While contracts for so-called transshipment of Russian LNG have been banned in the UK and the Netherlands, data from 2023 suggests permitted Russian gas shipments are routinely transferred between tankers in Belgium, France and Spain before being exported to buyers in other continents.

The ship transfers are crucial for Russia as it attempts to make best use of its Arctic fleet. Transshipment usually takes place between Russian “ice class” tankers that are used to run between the Yamal peninsula and north-western Europe and regular LNG tankers that then sail on to other ports, freeing up the ice-class vessels to return north.

Ports in Belgium, Spain and France still receive significant volumes from the Siberian plant Yamal LNG, whose biggest shareholders are Russia’s second-largest natural gas producer Novatek, China National Petroleum Corporation and the French energy company TotalEnergies.

Of the 17.8bn cubic metres of Russian liquefied natural gas flowing to the EU between January and September this year, 21 per cent was transferred to ships destined for non-EU countries including China, Japan and Bangladesh, according to data from the Institute for Energy Economics and Financial Analysis, a think-tank.

Zeebrugge in Belgium and Montoir-de-Bretagne in France received the most Russian LNG of all EU ports in 2023.

Unlike coal and oil, Russian gas has not been placed under sanctions by the EU but the European Commission has said member states should rid themselves of Russian fossil fuels by 2027.

Ana-Maria Jaller-Makarewicz, lead energy analyst at IEEFA, noted that while volumes of LNG transshipments in Europe had fallen since Russia’s full invasion of Ukraine in 2022, they remained significant and potentially had been overlooked. “The EU is not thinking about [it] when they are talking about a ban,” she said. “They don’t count a transshipment.”

Amund Vik, former Norwegian state secretary for energy and adviser to the consultancy Eurasia Group, said EU governments were caught in a bind. Member states would find it “hard to bang the drum [against] exporting [Russian LNG] elsewhere if they are using it themselves”, he said. “You will see them tiptoeing around this topic this winter.”

The EU previously imported 155bn cubic metres of piped gas from Russia, about 40 per cent of its total supply. To replace that gas, the bloc has vastly increased its imports of LNG from countries including the US, Norway and Qatar.
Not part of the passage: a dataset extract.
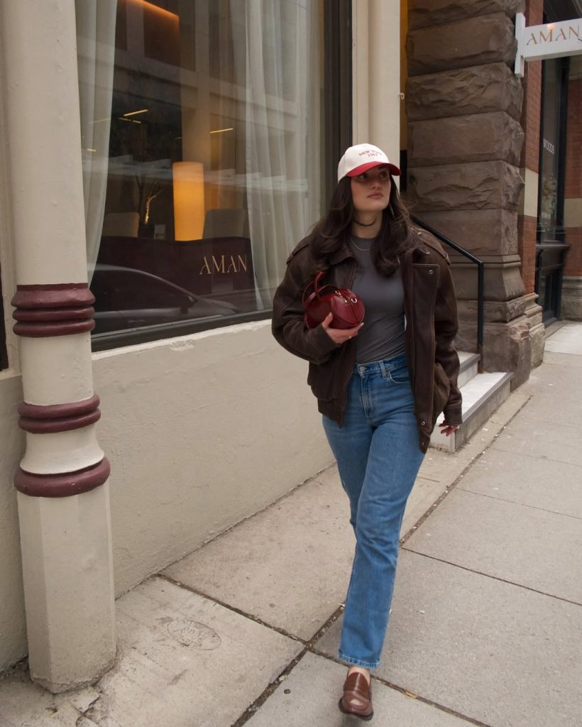 A suede jacket layered over clean basics creates a dressy yet wearable look suited for cold early spring days.
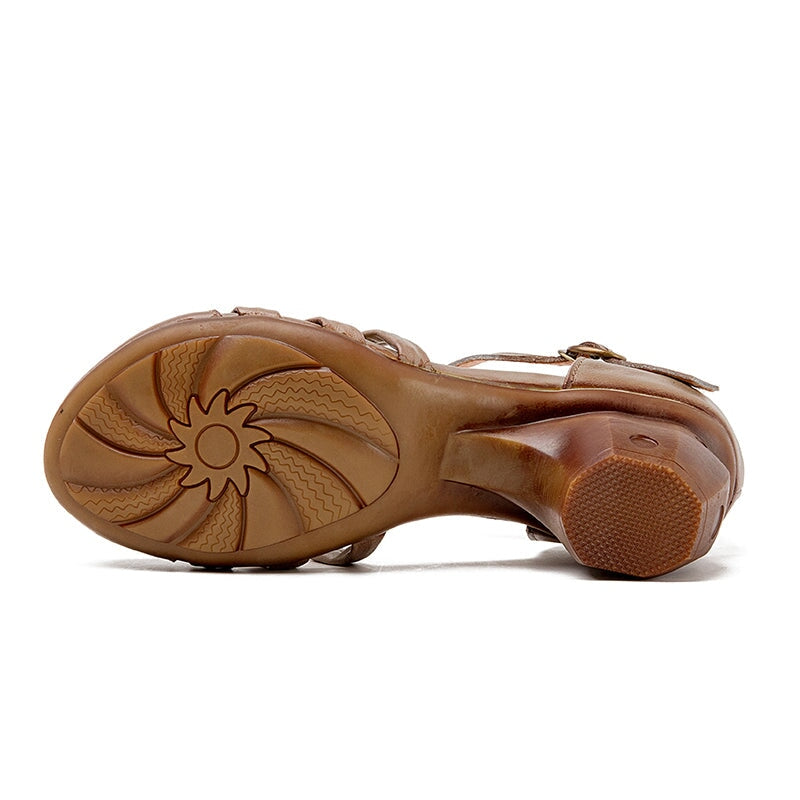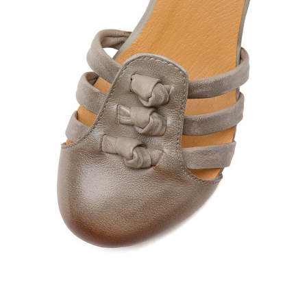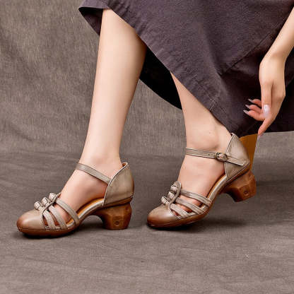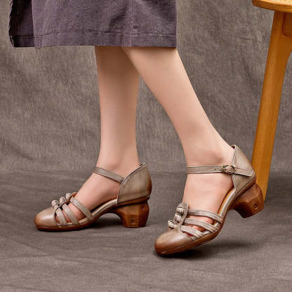 Block Heel Sandals For Women Ankle Strap Leather Pumps in Gray

But the EU is also set to import record volumes of the super-chilled fuel from Russia this year.

EU policymakers have defended the continuation of imports from Russia as being due to long-term contracts agreed before the war that, if broken, would force European companies to pay compensation to Russia. The Belgian natural gas company Fluxys has, for example, a 20-year contract with Yamal that ends in 2039.

The Belgian energy ministry said it was “determined to tackle this issue” and was “gathering intelligence on effective approaches”. “We recognise the importance of finding a way that does not endanger the security of supply of the European continent,” a spokesperson added.